La Cour des comptes fédérale, une agence fédérale qui n’est pas sous le contrôle du gouvernement, a également vivement attaqué le projet de budget. Elle a accusé le gouvernement de dissimuler de nouvelles dettes réelles dans des budgets subsidiaires, tels que le fonds spécial de 100 milliards d’euros pour la Bundeswehr. Rien que pour les années 2020 à 2022, un total d’environ 400 milliards d’euros a été soustrait à la fonction de limitation du frein à l’endettement.

Selon l’agence, le gouvernement fédéral devra désormais faire face à des coûts énormes. À partir de 2028, au moins 11 milliards et à partir de 2031, au moins 17 milliards seront nécessaires chaque année pour rembourser cette dette. En outre, le remboursement des prêts pour le fonds de reconstruction de l’Union européenne serait exigible à partir de 2028.

«La Cour des comptes fédérale n’a pas encore identifié de stratégie ou de mesures concrètes pour assurer la viabilité du budget fédéral à moyen et à long terme», indique le rapport à la commission budgétaire du Bundestag.

Les 400 milliards d’euros dont parle la Cour des comptes fédérale ont presque entièrement alimenté les comptes des grandes entreprises et des banques, en plus de financer le réarmement. Elles ont reçu des milliards d’euros de l’État pour que les bénéfices continuent à affluer pendant la pandémie, la guerre en Ukraine et l’inflation déclenchée par la guerre.

Alors que les syndicats ont conclu des accords salariaux bien inférieurs au taux d’inflation et que les salaires réels baissent, les cours des actions battent des records.
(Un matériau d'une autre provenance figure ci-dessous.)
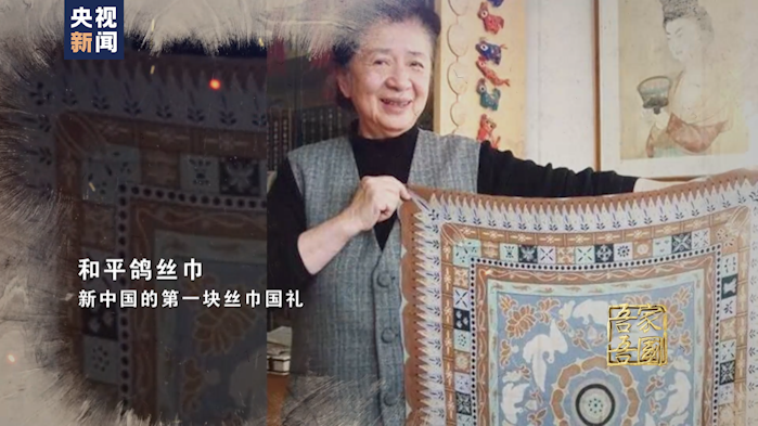 1952年,21岁的常沙娜以敦煌图案为基本形式,为第一届亚洲及太平洋区域和平会议设计了一款《和平鸽》丝巾,在国际上获得了高度赞赏。这也是新中国的第一块丝巾国礼。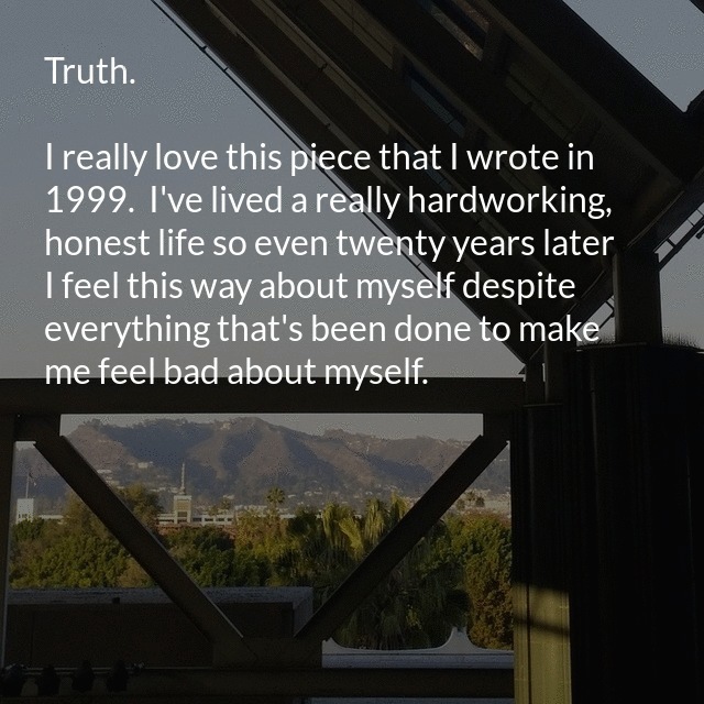 "title": "Truth.\n\nI really love this piece that I wrote in 1999. I’ve lived a really hardworking, honest life so even twenty years later I feel this way about myself despite everything that’s been done to make me feel bad about myself. ",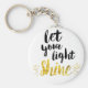 Estilo de caligrafia de Pincel moderno com palavras, "Deixe sua luz brilhar" (baseado em Matthew 5:16), em efeito de estilo ouro. A palavra "brilho" tem ilustrações de raios-luz que se estendem de ambos os lados.
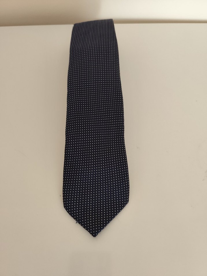 Koyu siyah taban üzerine ince nokta desenli, iş ve klasik sokak tarzına uygun erkek kravatı.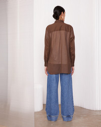 Long sleeve shirt. Long sharp shirt collar. Loose fit. Curved hem with the back longer than the front. Straight back yoke with gathers next to the sides. Hidden button placket. Color developped by Officine Generale. Made in India. - 100% cotton - Loose fit - Long sleeve shirt - Long sharp shirt collar - Curved hem with the back longer than the front - Straight back yoke with gathers next to the sides - Hidden button placket - Color developped by Officine Generale - Machine washable with similar colors, 30° - Made in India This product sizes normally, we advise you to take your usual size. Our model measures 1m78 and wears a size S. Exists in sizes XS to XXL. REF: W25WSHI002PRE

Les 40 entreprises cotées à l’indice allemand Dax ont enregistré de nouveaux records en termes de chiffre d’affaires et de bénéfices pour l’année 2022. Leurs revenus avant intérêts et impôts s’élèvent à 171 milliards d’euros.

Mais ces fonds sont tabous pour le gouvernement. Il en va de même pour les grandes fortunes amassées par certains milliardaires: selon Forbes, les dix Allemands les plus riches valaient ensemble plus de 200 milliards de dollars en 2023. Outre le respect du frein à l’endettement, le mantra de la politique budgétaire du gouvernement fédéral est «pas d’augmentation d’impôts». Les bénéfices ne sont que modérément taxés et la richesse ne l’est pas du tout.

Tous les partis siégeant actuellement au Bundestag et dans les parlements des Länder soutiennent cette politique, y compris le Parti de gauche, qui émet des critiques ici et là, mais poursuit la même politique dès qu’il siège au gouvernement, comme c’est le cas dans un certain nombre de Länder.

Le budget de guerre de Lindner est le prélude à de violents affrontements de classe. La classe ouvrière ne peut les gagner que si elle s’organise de manière indépendante, si elle entre en lutte contre le capitalisme et si elle s’unit au niveau international pour réorganiser la société sur la base des principes socialistes. Le Sozialistische Gleichheitspartei (Parti de l’égalité socialiste) et le Comité international de la Quatrième Internationale défendent ce programme.